NASHVILLE, Tenn. — PBS Chief Programmer and General Manager Perry Simon unveiled several programming approaches at the PBS Annual Meeting Thursday, including thematic quarterly program initiatives planned up to several years in advance.
The initiatives “are curated collections of programs across all platforms built around specific content themes that are locked in and announced several months or even years in advance,” Simon said. They “will provide a cornerstone for station planning, development and engagement efforts, and will help you to stand out and compete in a crowded environment,” he said.
The announcement drew applause from the crowd of some 1,400 attendees, an Annual Meeting record according to PBS.
Another new approach Simon described is the presentation of annual “Beacon Events,” which will “shine a spotlight on PBS and your stations by galvanizing all our system resources,” he said. Simon said he’d like to build on the success of last season’s Great American Read, in which thousands of readers across America chose the country’s favorite novel.

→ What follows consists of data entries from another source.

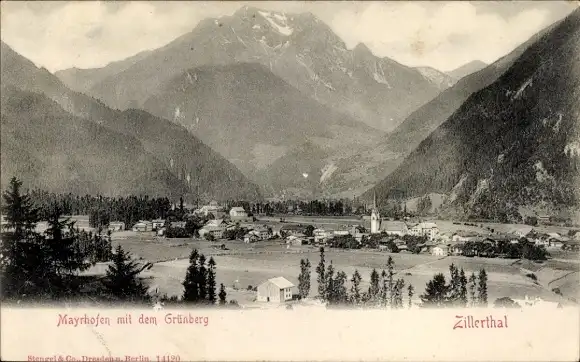 Ak Mayrhofen im Zillertal Tirol, Panorama mit Grünberg
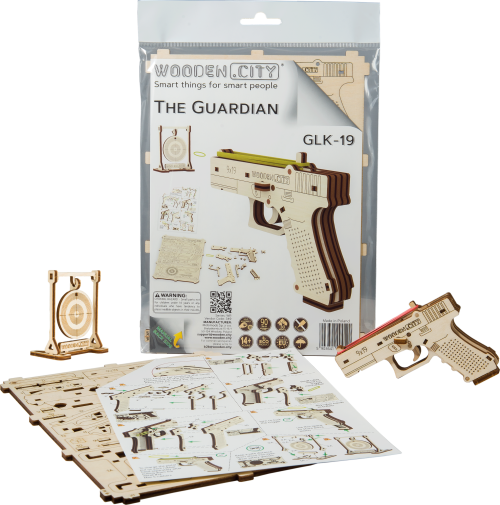 Dřevěná mechanická stavebnice replika skutečné zbraně Guardian GLK-19 je určena pro skutečné odvážlivce. Kromě odvahy budete muset při sestavování tohoto modelu uplatnit také inteligenci. Díky jedinečnému designu a překvapivým detailům tohoto modelu bude vaše trávení času plné zábavy. V modelu jsou zastoupeny detaily skutečné zbraně: - model střílí speciálními náboji v podobě gumiček (součástí výrobku) , - najednou lze vystřelit pět gumiček, - pojistka a zásobník nábojů. 3D puzzle WOODEN CITY Guardian GLK-19 bude výborným dárkem pro každého milovníka střelných zbraní. Orientační doba na složení: 1,5 hodiny Dřevěné 3D puzzle WOODEN CITY jsou detailně propracované funkční mechanické modely, které se skládají bez lepidla nebo nářadí. Jsou vyrobeny z ekologických dřevěných materiálů - kvalitní březové překližky. S mechanickými dřevěnými puzzle WOODEN CITY zažijete hodiny zábavy při skládání a poznáte převody, gumičkové motory, ozubená kolečka a další součástky z bezprostřední blízkosti.
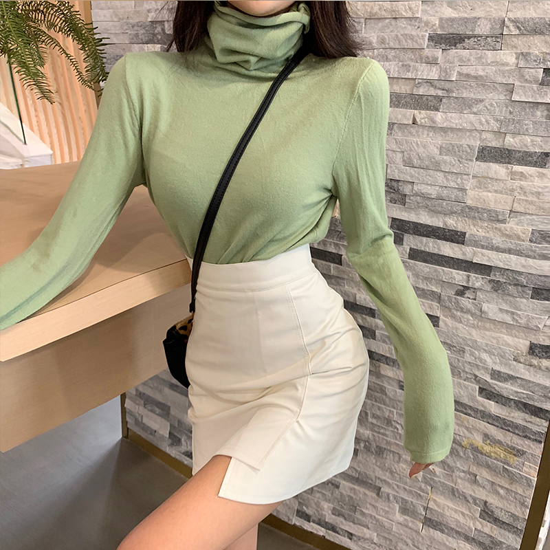 / chic秋季新款韓版上衣女裝百搭修身顯瘦高領長袖復古針織打底衫潮
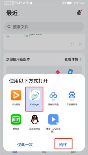 4、选择EVPlayer,点击始终。
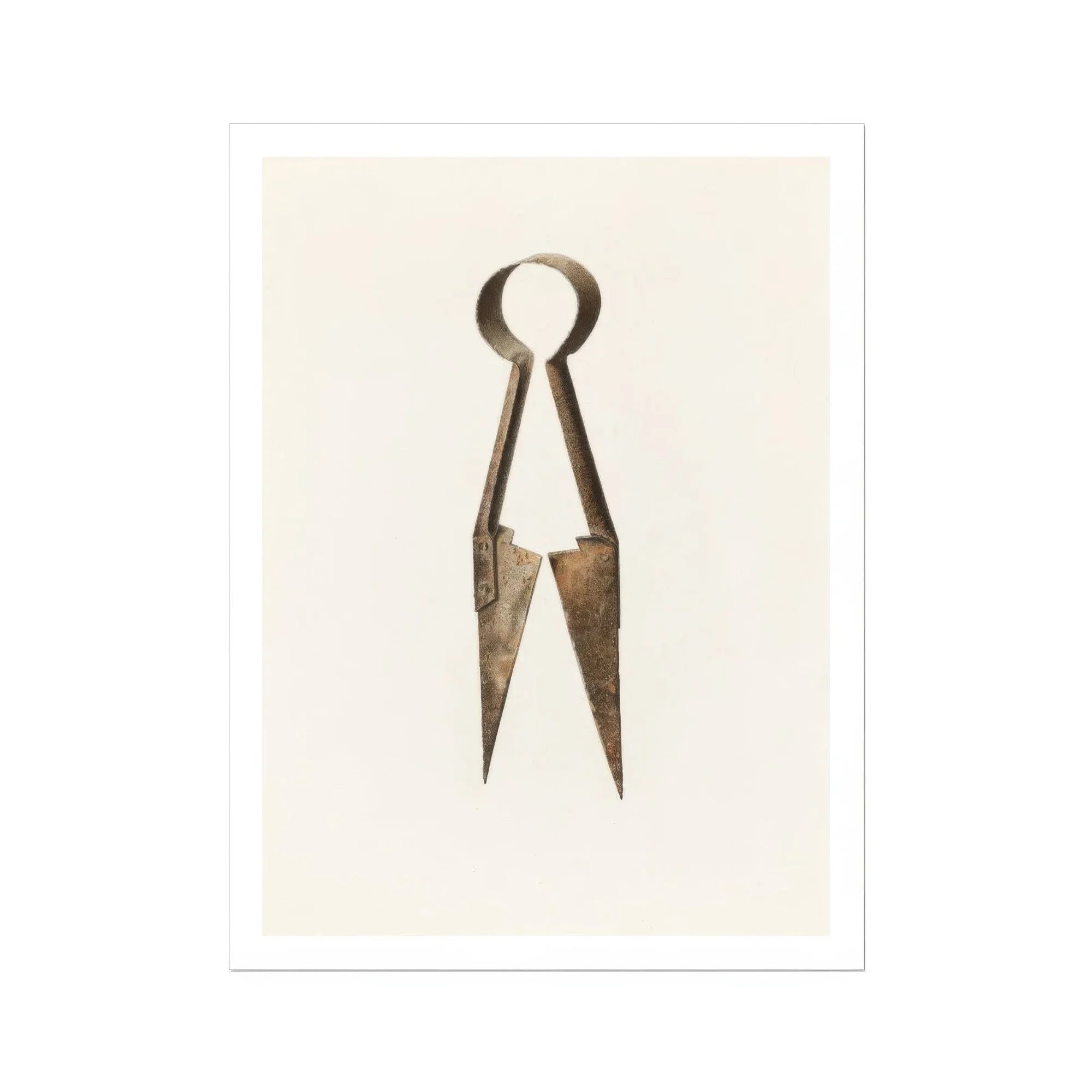 He aquí, una reliquia oxidada de la antigüedad agraria. Este estampado Harold Ballerd cortará a través de su decoración de la crisis con precisión afilada. Te maravillarás de la pátina desgastada de estas tijeras de recorte vintage, sus cuchillas listos para recortar hilos de nostalgia. La composición minimalista eleva las humildes herramientas agrícolas al estatus de chic industrial.

“We need to ensure that at least once a year, PBS is a major part of the local and national conversation,” Simon said. Beacon Events “will also provide major rallying points for your engagement and development efforts,” so PBS is anticipating planning time of at least a year to ensure adequate coordination with stations, he said.
Simon said he also wants to focus on “recurring, affordable series that are personality-driven when possible” to complement icon programming. He cited Finding Your Roots, now in its sixth season, as a prime example. Host Henry Louis Gates Jr. “has truly become a bona fide face of PBS,” he said, and the show is one of PBS’ highest-rated. It also features a racially diverse range of guests.
“I can tell you from personal experience, establishing new series requires patience and faith,” Simon said. “It’s not for the faint of heart. But we can and we will get there.”
Simon also shared “a few fresh-eyed observations” on PBS content since his tenure began last September.
“Too much of our great programming gets lost amidst the clutter of consumer media choices,” he said. The network also needs to “LOL — no, not ‘laugh out loud,’ but ‘leverage our localism,’ and do it at every turn,” Simon said.
“We cannot out-market HBO,” he said. “We can never outspend Netflix. But we can out-localize anybody. Our budgets may be limited, but our mission is mighty. And our local engagement is our not-so-secret weapon.”